“Let’s hear. You say you have got something wrong with your head?”
“Well, I suppose it is my head, sir. But you know I am always getting into some trouble or another.”
“Exactly. You are notorious for your boyish pranks.”
“Yes, sir; and I want to get the better of it. It’s as the Major said: the troubles I get into are boys’ troubles, and not suitable to a young man.”
“The Major’s wise, Archie. Then why don’t you put off all your boyish mischief and remember that you are now pretty well a man grown, and, as one of our lads would say in his cockney lingo, ‘act as sich?’”
“Because I can’t, Doctor,” said the lad earnestly. “I want to act as a man. I’m six feet two, and I shave regularly.”
“Humph!” grunted the Doctor, who had to make an effort to keep his countenance.
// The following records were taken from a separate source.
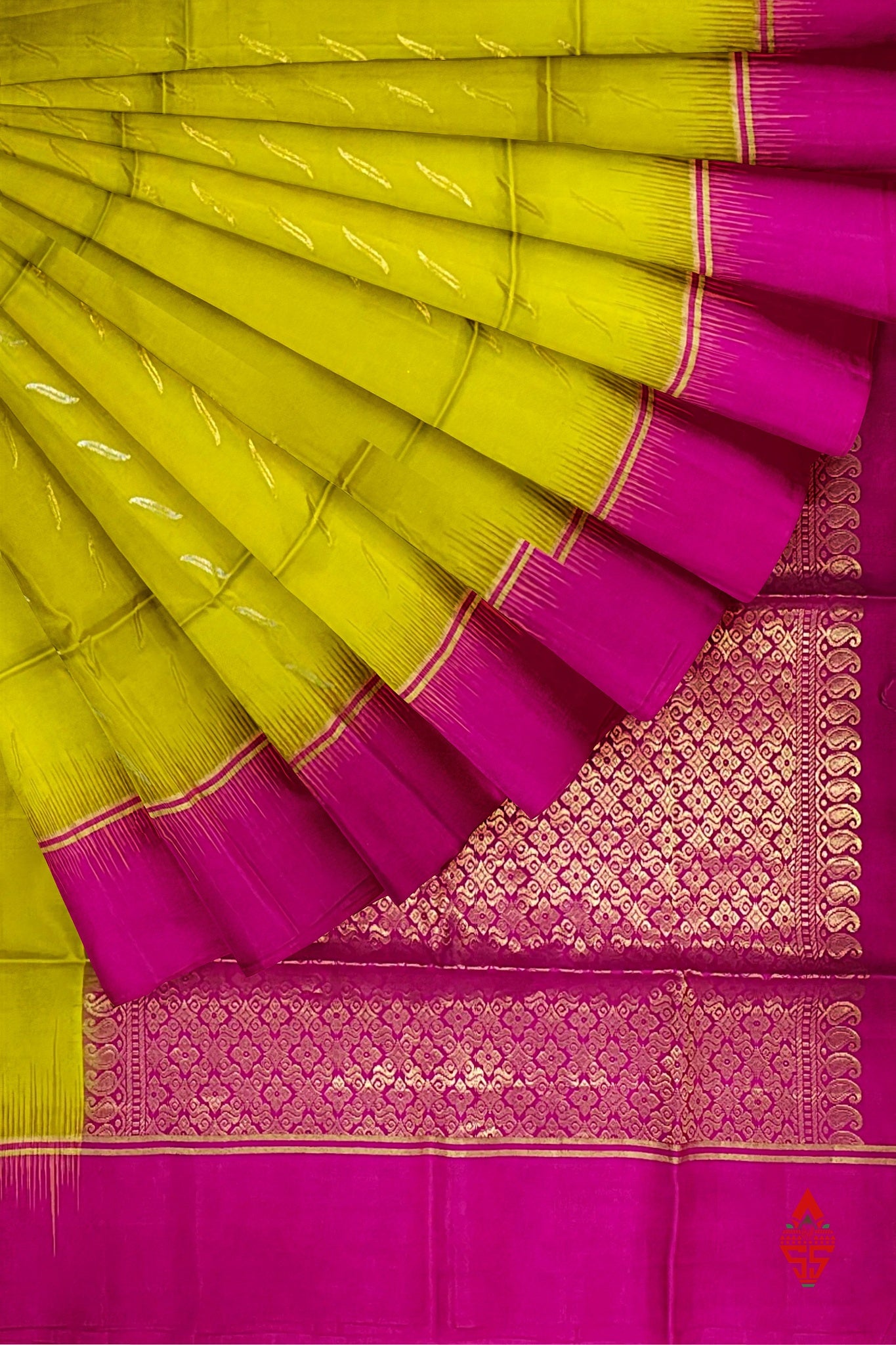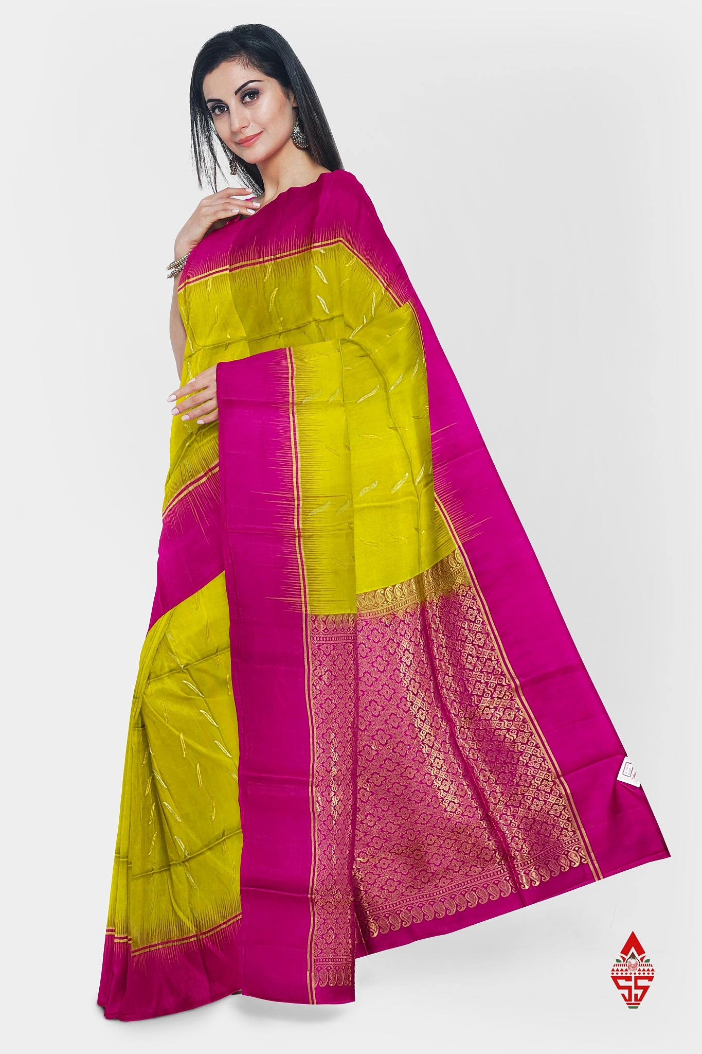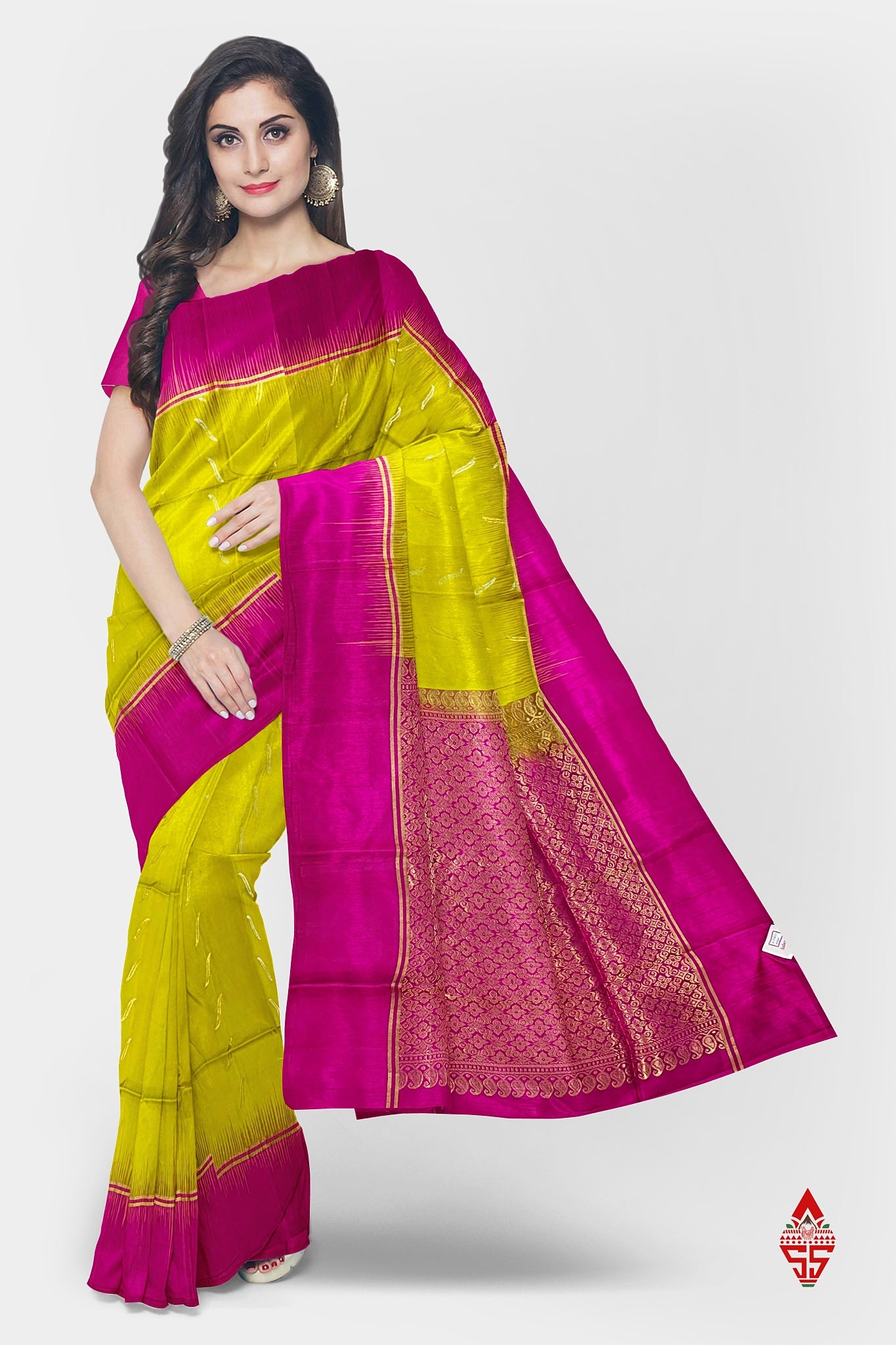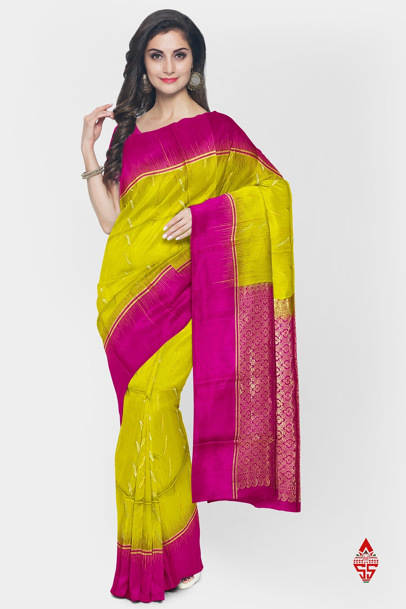 Yellow Fancy Pure Soft Silk Saree With Magenta Rose Blouse
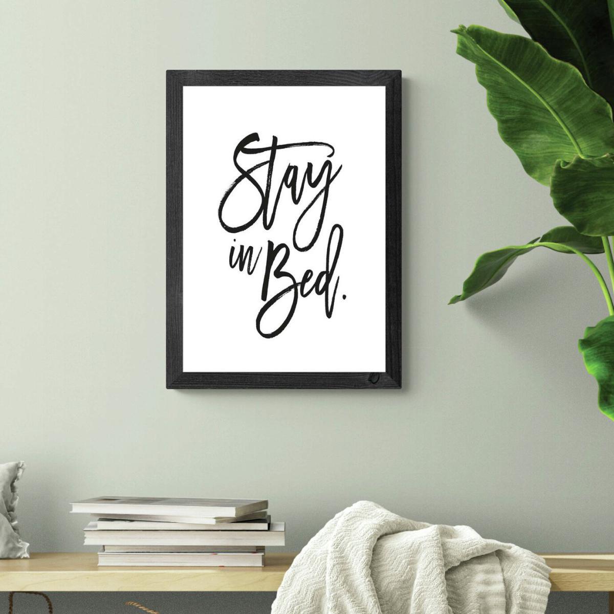 This framed print is a fun and relaxed piece that works particularly well in cosy, bedroom settings, especially those with a modern or minimalist vibe. I love how its monochrome palette makes it versatile to incorporate into a variety of colour schemes - pairing nicely with muted tones or bold accents. When styling, consider positioning it above a bed with simple bedding to keep the message front and centre, or use it as a focal point on a feature wall. To keep the look cohesive, try pairing it with other monochrome artwork or textured textiles. Practical tip: keep the frame sleek and understated so the message doesn’t compete with other decorative elements, making it a lighthearted yet stylish addition to any bedroom space.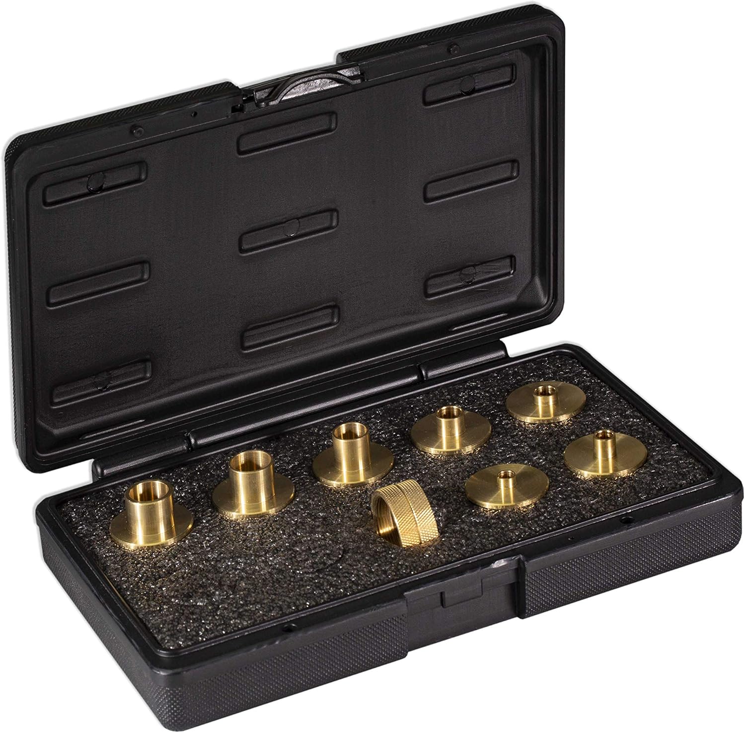 | Included Components | INCLUDES: 10-Piece Router Template Guide Bushing Set with (8) guide bushings, (2) lock nuts and a carrying case, (1) Centering pin with 1/4” & 1/2" ends | (1) Cone |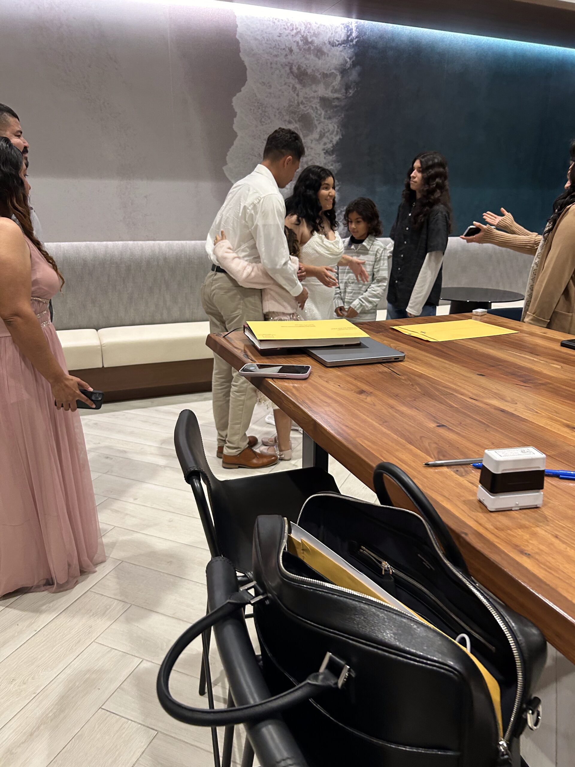 In the conference-room style space, you’ll sit comfortably while your marriage license is prepared. This is where you complete and sign the California marriage license without needing a courthouse visit.

“And whenever I get into trouble I make a vow that I’ll never do such a childish, schoolboyish thing again; but it’s no use, for before many days have passed, something tempts me, and I find myself doing more foolish things than ever. Can it be that there is some screw loose in my head?”
The Doctor sat looking earnestly in the lad’s agitated countenance, for his brow was one tangle of deeply marked wrinkles.
“I think sometimes I must be going mad, or at all events growing into an idiot, and you can’t think how wretched and despairing it makes me. Do you think medicine—tonic or anything of that sort—would do me good?”